Houthi fighters in central Yemen blew up the home of a senior politician on Wednesday while he was in Switzerland as a member of the exiled government’s delegation to peace talks, residents said.
The destruction of member of parliament Abdel-Aziz Jubari’s house in Dhamar city coincided with more air strikes by Saudi-led forces on military targets throughout Yemen in support of the government.
In Geneva, the U.N.-sponsored talks between the warring factions went into a second day. A delegate said on Tuesday the parties had agreed on the need for a ceasefire but others said a deal was still far off.
Dhamar residents said that the Houthis, who had taken over Jubari’s house in April, dynamited the building early in the morning. Yemeni websites published picture of its collapsed ceiling on top of a pile of rubble.
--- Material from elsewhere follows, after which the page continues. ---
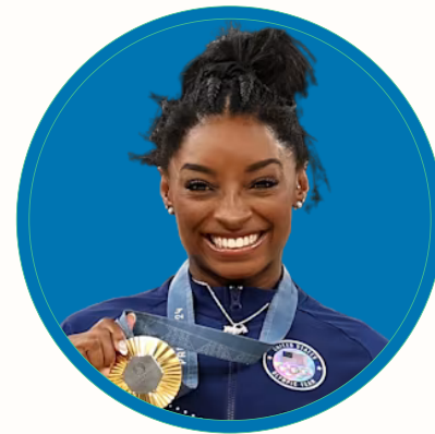
Simone Biles Gimnasta Olímpica

Jubari, who is deputy head of the delegation sent to Geneva by ousted President Abd-Rabbu Mansour Hadi, said he was shocked when he heard the news.
“This is regrettable that people’s manners and behaviors can reach this point,” Jubari told Reuters in Geneva.
“Of course my house is not the only house in Yemen…a lot of people’s homes and properties have been targeted in an unbelievable way.”
Foreign Minister Reyad Yassin Abdulla, the head of the government delegation said: “It is in this spirit of revenge that they are dealing with all the Yemeni people and we cannot remain silent on this.”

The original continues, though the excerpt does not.